Trump l’étrangle, nous l’embrassons
Enfin, il y a une urgence humanitaire qui exige toute notre solidarité. La situation sur l’île est celle d’une véritable asphyxie impérialiste : coupures d’électricité, pénuries de produits de première nécessité et interruption des soins médicaux. À Cuba, plus de 80 % des équipements de pompage d’eau dépendent de l’électricité et les coupures de courant compromettent l’accès à l’eau potable, à l’assainissement et à l’hygiène. Les pénuries de carburant affectent le système de rationnement et le panier familial réglementé de base, ainsi que les filets de sécurité sociale (alimentation scolaire, maternités et maisons de retraite), frappant particulièrement les secteurs les plus vulnérables. Nous ne pouvons pas rester indifférents.
La Ligue socialiste internationale propose de mettre en place une campagne de solidarité avec le peuple cubain afin de collecter des ressources et de les envoyer de manière indépendante en tant que soutien économique depuis n’importe quel endroit du monde. Organisons des collectes de solidarité dans les usines et les entreprises, les hôpitaux, les universités et les écoles. Mettons en œuvre différentes initiatives telles que des journées de solidarité pour sensibiliser à la situation et collecter des fonds à envoyer à ce peuple digne qui résiste de manière exemplaire depuis tant de décennies. Ou tout simplement canaliser l’engagement individuel des personnes qui veulent collaborer de manière personnelle. Tout s’additionne.

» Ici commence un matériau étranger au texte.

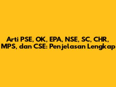 Arti PSE, OK, EPA, NSE, SC, CHR, MPS, Dan CSE: Penjelasan Lengkap
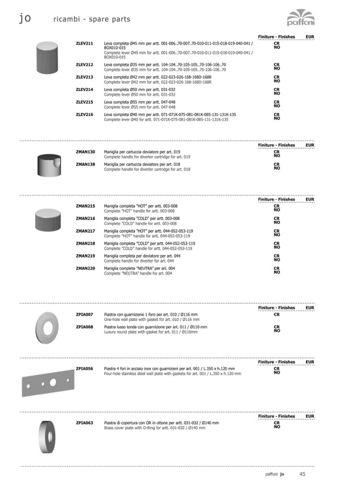 Leva completa Ø45 mm per artt. 001-006..70-007..70-010-011-015-018-019-040-041 /
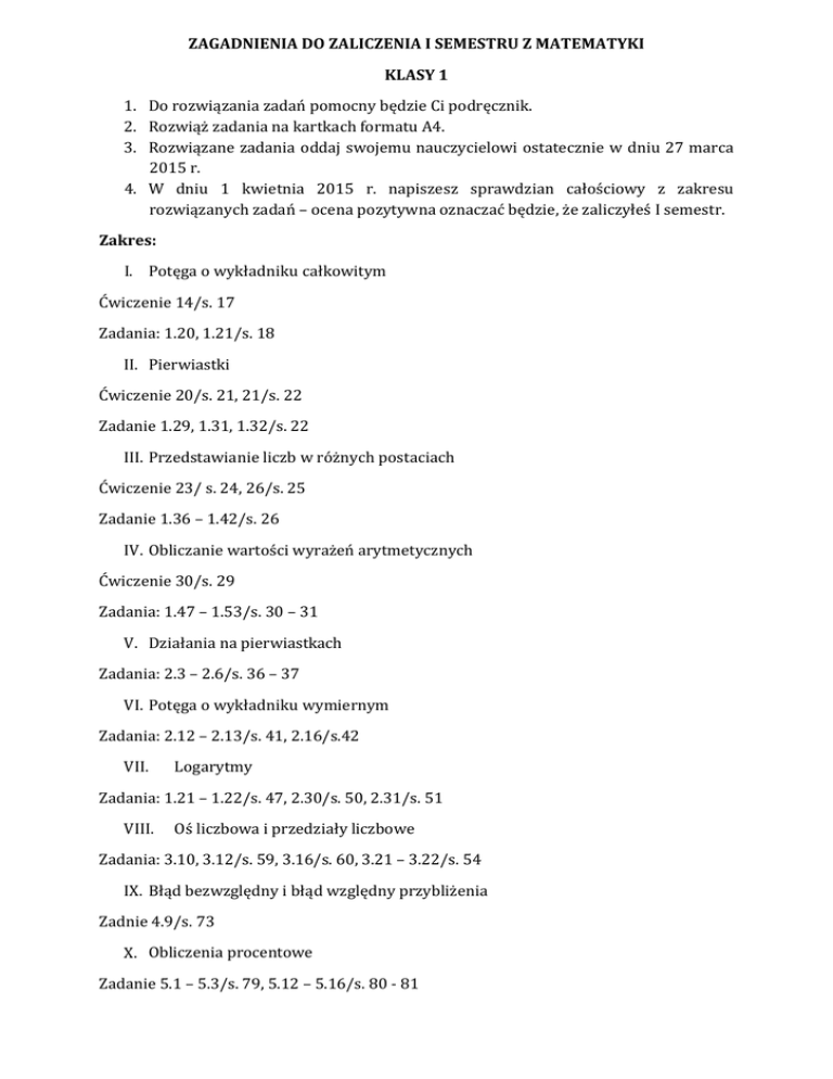 ZAGADNIENIA DO ZALICZENIA I SEMESTRU Z MATEMATYKI KLASY 1 1. Do rozwiązania zadań pomocny będzie Ci podręcznik. 2. Rozwiąż zadania na kartkach formatu A4. 3. Rozwiązane zadania oddaj swojemu nauczycielowi ostatecznie w dniu 27 marca 2015 r. 4. W dniu 1 kwietnia 2015 r. napiszesz sprawdzian całościowy z zakresu rozwiązanych zadań – ocena pozytywna oznaczać będzie, że zaliczyłeś I semestr. Zakres: I. Potęga o wykładniku całkowitym Ćwiczenie 14/s. 17 Zadania: 1.20, 1.21/s. 18 II. Pierwiastki Ćwiczenie 20/s. 21, 21/s. 22 Zadanie 1.29, 1.31, 1.32/s. 22 III. Przedstawianie liczb w różnych postaciach Ćwiczenie 23/ s. 24, 26/s. 25 Zadanie 1.36 – 1.42/s. 26 IV. Obliczanie wartości wyrażeń arytmetycznych Ćwiczenie 30/s. 29 Zadania: 1.47 – 1.53/s. 30 – 31 V. Działania na pierwiastkach Zadania: 2.3 – 2.6/s. 36 – 37 VI. Potęga o wykładniku wymiernym Zadania: 2.12 – 2.13/s. 41, 2.16/s.42 VII. Logarytmy Zadania: 1.21 – 1.22/s. 47, 2.30/s. 50, 2.31/s. 51 VIII. Oś liczbowa i przedziały liczbowe Zadania: 3.10, 3.12/s. 59, 3.16/s. 60, 3.21 – 3.22/s. 54 IX. Błąd bezwzględny i błąd względny przybliżenia Zadnie 4.9/s. 73 X. Obliczenia procentowe Zadanie 5.1 – 5.3/s. 79, 5.12 – 5.16/s. 80 - 81
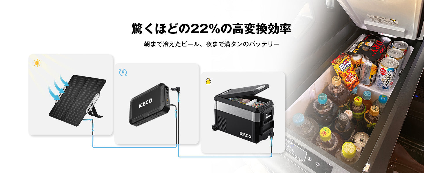 ソーラーパネル:22% の高変換効率を備え、単結晶セルと四層 EVA 構造で光透過率最大 98%。5.4kg の超軽量折りたたみ式で持ち運び便利、41°まで角度調整可能。IP67 防塵防水と ETFE フィルムによる紫外線防護で耐久性に優れ、最大 20.8V 開路電圧で各種デバイスに急速充電可能(ICECO バッテリーの満充電約 3.5 時間)。メーカー 1 年品質保証付きです。

Face à la politique d’étranglement impérialiste, la droite cubaine de Miami et ses vases communicants dans le secteur privé capitaliste de l’île visent à saper le moral du peuple. Depuis la LIS, nous voulons être la voix de la gauche anti-bureaucratique et indépendante du régime qui répudie le blocus et dénonce Trump, mais aussi celle qui est en première ligne de l’étreinte concrète de solidarité internationaliste de ce peuple menacé.
Il n’y a pas de place pour l’indifférence.
Le peuple cubain a besoin de nous
L’argent récolté sera remis à un groupe de jeunes qui font du travail social dans les quartiers les plus défavorisés.